[Records for the exercise Boundary: Start]
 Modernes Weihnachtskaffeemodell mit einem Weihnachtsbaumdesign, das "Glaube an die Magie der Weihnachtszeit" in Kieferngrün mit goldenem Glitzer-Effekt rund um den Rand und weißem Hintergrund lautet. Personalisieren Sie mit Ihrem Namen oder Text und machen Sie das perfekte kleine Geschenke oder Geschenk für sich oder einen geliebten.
[Records for the exercise Boundary: End]
[Records for the exercise Boundary: Start]
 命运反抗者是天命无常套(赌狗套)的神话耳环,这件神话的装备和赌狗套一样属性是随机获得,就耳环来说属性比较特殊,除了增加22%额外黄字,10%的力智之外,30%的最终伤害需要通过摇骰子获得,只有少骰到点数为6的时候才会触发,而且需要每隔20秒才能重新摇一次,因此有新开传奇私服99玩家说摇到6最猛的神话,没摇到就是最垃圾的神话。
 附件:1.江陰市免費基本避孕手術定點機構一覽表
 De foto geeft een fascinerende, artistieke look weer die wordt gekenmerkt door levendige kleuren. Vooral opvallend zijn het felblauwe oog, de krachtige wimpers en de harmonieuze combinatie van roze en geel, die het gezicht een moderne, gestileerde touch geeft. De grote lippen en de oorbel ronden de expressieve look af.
[Records for the exercise Boundary: End]
• _Instructions for the task_: Copy exactly the stretch of data above from the line with "命运反抗者是天命无常套(赌狗" through the line with "De foto geeft", and omit all other lines.

• _Expected answer_:
 命运反抗者是天命无常套(赌狗套)的神话耳环,这件神话的装备和赌狗套一样属性是随机获得,就耳环来说属性比较特殊,除了增加22%额外黄字,10%的力智之外,30%的最终伤害需要通过摇骰子获得,只有少骰到点数为6的时候才会触发,而且需要每隔20秒才能重新摇一次,因此有新开传奇私服99玩家说摇到6最猛的神话,没摇到就是最垃圾的神话。
 附件:1.江陰市免費基本避孕手術定點機構一覽表
 De foto geeft een fascinerende, artistieke look weer die wordt gekenmerkt door levendige kleuren. Vooral opvallend zijn het felblauwe oog, de krachtige wimpers en de harmonieuze combinatie van roze en geel, die het gezicht een moderne, gestileerde touch geeft. De grote lippen en de oorbel ronden de expressieve look af.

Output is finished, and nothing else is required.